What happens when 33 practitioners from 17 organizations descend upon the quiet German city of Bonn to discuss knowledge flow, data and technology? Quite a lot, as I recently had the chance to see.
The Global Delivery Initiative organized the second Working Group Meeting for DeCODE, an evidence-based system that helps development practitioners identify, prioritize, and address delivery challenges. The two-day workshop of GDI partners hosted rich discussions on diverse topics from technology platforms, to behavior change, to knowledge management and how to use machine learning techniques. While I think that everyone learned a lot, and there was a great deal of rich food for thought, two things in particular stuck with me.
Similar challenges, similar solutions. If one thing was clear, then it was this. Despite the differences in the business models of the participating organizations, all of them grapple with similar sets of knowledge management challenges, like having a plethora of documents but no clear path to effective use; needing to improve the relevance of search results; effectively using lessons learned from past projects; managing repositories in multiple languages; and many other complex tasks such as breaking sectoral/regional silos. Fortunately, this common ground is not limited to the pain-points.

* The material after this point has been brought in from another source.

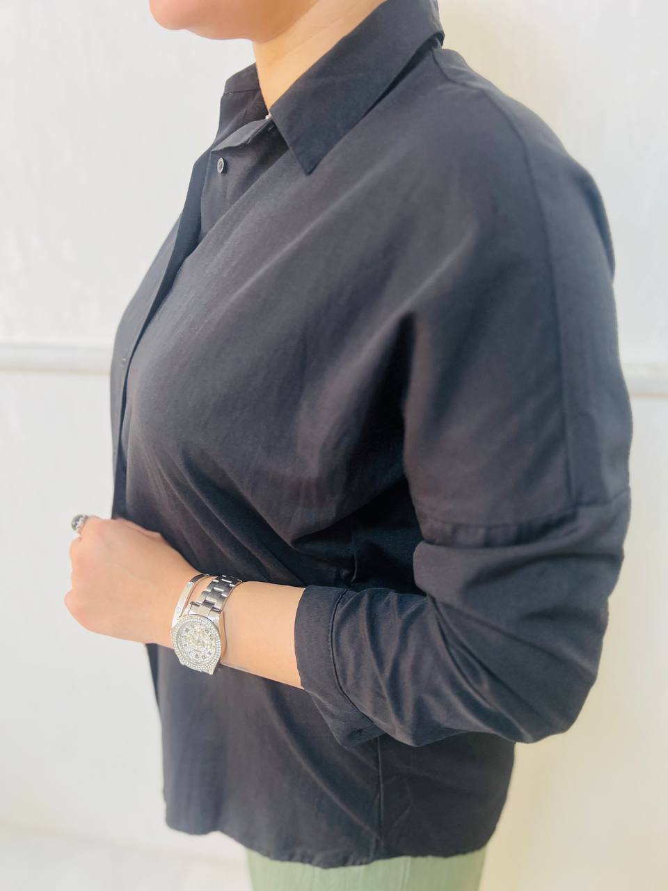 پیراهن مجلسی زنانه مدل دکمه دار مردانه از برند هپینیس کشور ترکیه جنس پارچه ژلاتین سیاه استانبول کاملا مجلسی و کاربردی در یک رنگ مشکی موجود هستش.

Much like convergent evolution whereby different organisms independently evolve similar traits, many of the innovative solutions our partners presented were centered around similar principles: experimenting with video and other vivid, concise formats to convey knowledge; leveraging machine learning techniques; following a user-centric and agile design approach.
This fact clearly shows the value of collaborative development, and for two important reasons. First, while recognition of these problems is common across organizations, the approaches to solve them require skills that are not necessarily found in abundance in all the participating organizations. Collaboration can help fill those gaps and help develop solutions better than what one organization might develop single-handedly. Secondly, and more importantly, inclusion of data from other organizations can help improve the breadth and depth of information across individual organizations and ultimately impact development outcomes. Truly, in common pain lies common gain.
The double trouble of technology and culture. While we are attracted to technology solutions, we often see that these solutions run into a love-hate relationship with culture. Technological solutions to knowledge challenges are no different. The solutions that we discussed in Bonn were aided as much as they were impeded by technology and cultural change (read: behavior and incentives). For instance, no technology can help surface relevant knowledge from documents if the underlying documents don’t contain quality information. Ensuring quality information in these documents however entails creating the right incentives for practitioners – a task far beyond the reach of technology by itself.
Luckily, there are ways to avoid this classic ‘either-or’ trap. At our workshop, participants almost unanimously agreed that the solutions to KM challenges need to be a good balance of technology and culture. A suggested approach to achieve this was to take the ‘minimum viable product’ route. Rather than investing upfront in resource-intensive technology overhauls, our discussions emphasized the need to test smaller pilots and tweak them based on user feedback to develop solutions that truly address practitioner needs.
Personally, the most fulfilling aspect of the workshop was to learn that organizations have started to use technology, data analytics, and similar tools in a big way to improve the usage of knowledge from past projects. Although several impediments that prevent a full-fledged rollout persist – curation of quality content to avoid a ‘garbage-in-garbage-out’ scenario, developing and expanding in-house capacity to deliver on technology solutions, and most importantly helping uptake by introducing the right incentives – it is an encouraging beginning for technological solutions to use past data for future projects.